Roberto Perotti, Franco Debenedetti, il Sole 24 Ore 10/4/2013, 10 aprile 2013
L’ADDIO ALLA THATCHER / 1 NON FU LEI LA CAUSA DELLA CRISI
Per molti Margaret Thatcher è il simbolo e la fonte dei mali del capitalismo moderno. Il necrologio scritto da Romano Prodi sul Sole di ieri è un esempio di questa interpretazione. Ma è una interpretazione ingiusta, che si ferma ad alcuni stereotipi senza fondamento. Qualunque valutazione della Thatcher deve partire da un dato storico: la Gran Bretagna veniva dal tunnel degli anni 70, in cui era diventata lo zimbello d’Europa, in preda all’inflazione e alla recessione, e costretta addirittura a presentarsi con il cappello in mano al Fondo monetario internazionale. Per oltre dieci anni era stata governata dalla classe politica più inetta del ventesimo secolo, Wilson e Callaghan nel partito laburista e Heath in quello conservatore.
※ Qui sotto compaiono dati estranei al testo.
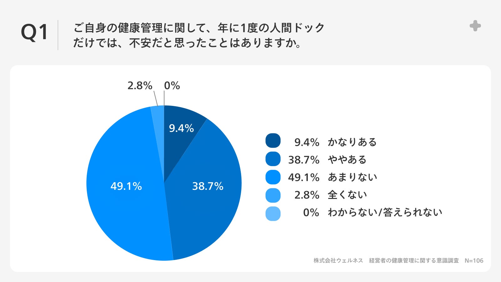 「Q1.ご自身の健康管理に関して、年に1度の人間ドックだけでは、不安だと思ったことはありますか。」(n=106)と質問したところ、「かなりある」が9.4%、「ややある」が38.7%という回答となりました。
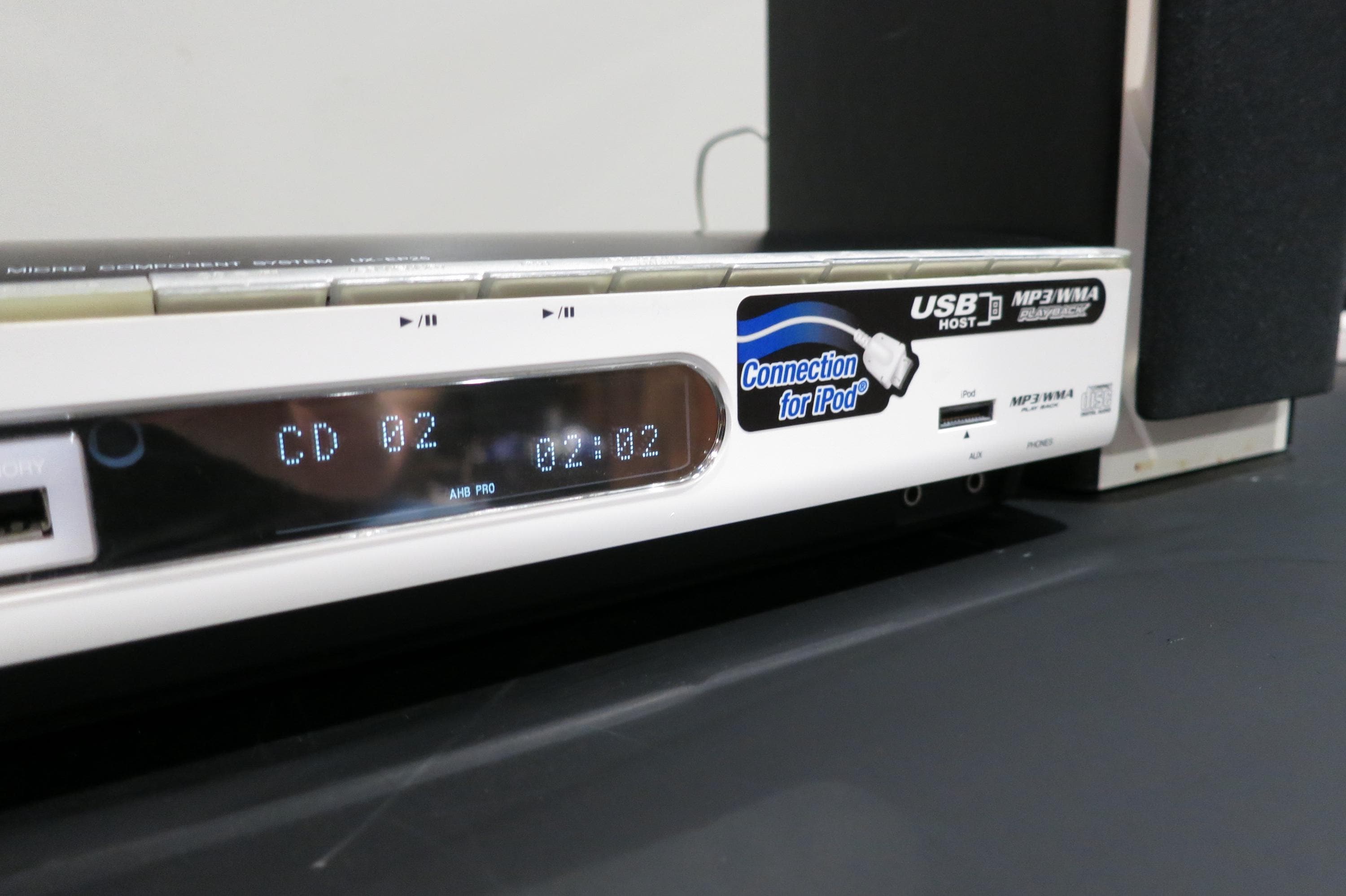 This complete home stereo features a tuner and cd player, blue display and black and white modern speakers. All the functions work properly and it is ready for a new home!
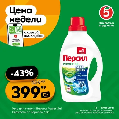 На случай, если вы не справитесь с желанием поваляться на молодой травке здесь и сейчас. 🧼 Персил Power Gel — 399,99 рублей (-43%). «Пятёрочка» выручает! Все скидки на 14–20 апреля здесь. 😀 Мы в

Scrive Romano Prodi: "Diciamolo come va detto: la Thatcher ha ridotto lo stato a niente". Un osservatore che scendesse da Marte troverebbe questa espressione incomprensibile. Nel 1990, quando la Thatcher si dimise, la spesa corrente al netto degli interessi come percentuale del Pil, era esattamente al livello che aveva trovato nel 1979, e ben più alta che all’inizio degli anni 70. E chi oggi combatte l’austerità fiscale avrebbe apprezzato la famosa manovra del cancelliere Lawson del 1983, che abbassò le tasse e alzò la spesa pubblica.
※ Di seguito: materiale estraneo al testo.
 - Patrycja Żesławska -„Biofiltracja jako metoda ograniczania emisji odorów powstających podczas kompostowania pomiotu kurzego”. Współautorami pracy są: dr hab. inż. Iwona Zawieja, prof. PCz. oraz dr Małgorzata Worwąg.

Per Prodi Margaret Thatcher "ha dato forma politica e dignità istituzionale alla ribellione anti-tasse trasformandola in una vera e propria dottrina economica diventata addirittura senso comune". Un’altra affermazione molto forte senza riscontri nella realtà. La Thatcher abbassò sì le aliquote marginali da livelli assurdi ed autolesionistici di oltre l’80%, ma questo, lungi dall’essere l’espressione di un’inesistente ribellione anti-tasse, fu un regalo della Thatcher a tutti i governi occidentali, inclusi quelli di centrosinistra, che ne seguirono l’esempio e continuano a seguirlo. E anche in questo caso, un marziano noterebbe che le entrate correnti come percentuale del Pil erano ben più alte alla fine del mandato della Thatcher che nel 1979.
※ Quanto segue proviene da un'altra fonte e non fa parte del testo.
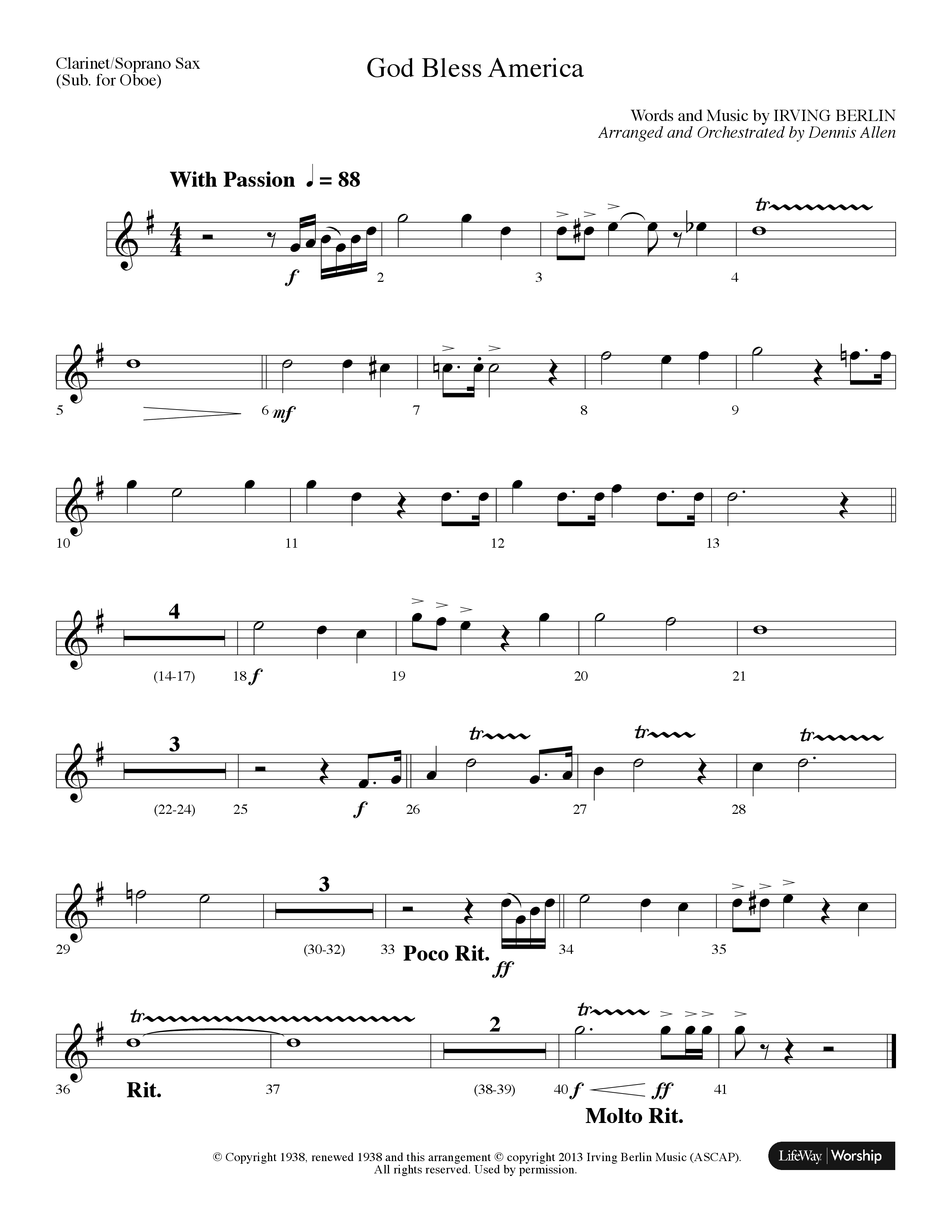 Download the Orchestration for God Bless America (Choral Anthem SATB) by Lifeway Choral / Arr. Dennis Allen, from the album Celebrate America. This song was arranged by Dennis Allen in the key of F.

Le politiche della Thatcher (e le applicazioni seguenti) avrebbero anche "creato le condizioni per l’esplosione della più drammatica crisi finanziaria (e ormai anche economica) del dopoguerra". Come esattamente? Certo, sotto Margaret Thatcher ha iniziato l’espansione della City, che oggi è il più grande datore di lavoro e il più grande contribuente della Gran Bretagna; questo di per sé non può essere un demerito. Forse Margaret Thatcher non ha regolato abbastanza i servizi finanziari, diventando così la matrigna della crisi subprime? Può essere, ma sarebbe utile sostanziare questa accusa con fatti e dati. Sarà un compito arduo: è francamente difficile immaginare un nesso fra Margaret Thatcher e le politiche di Greenspan negli anni 2000.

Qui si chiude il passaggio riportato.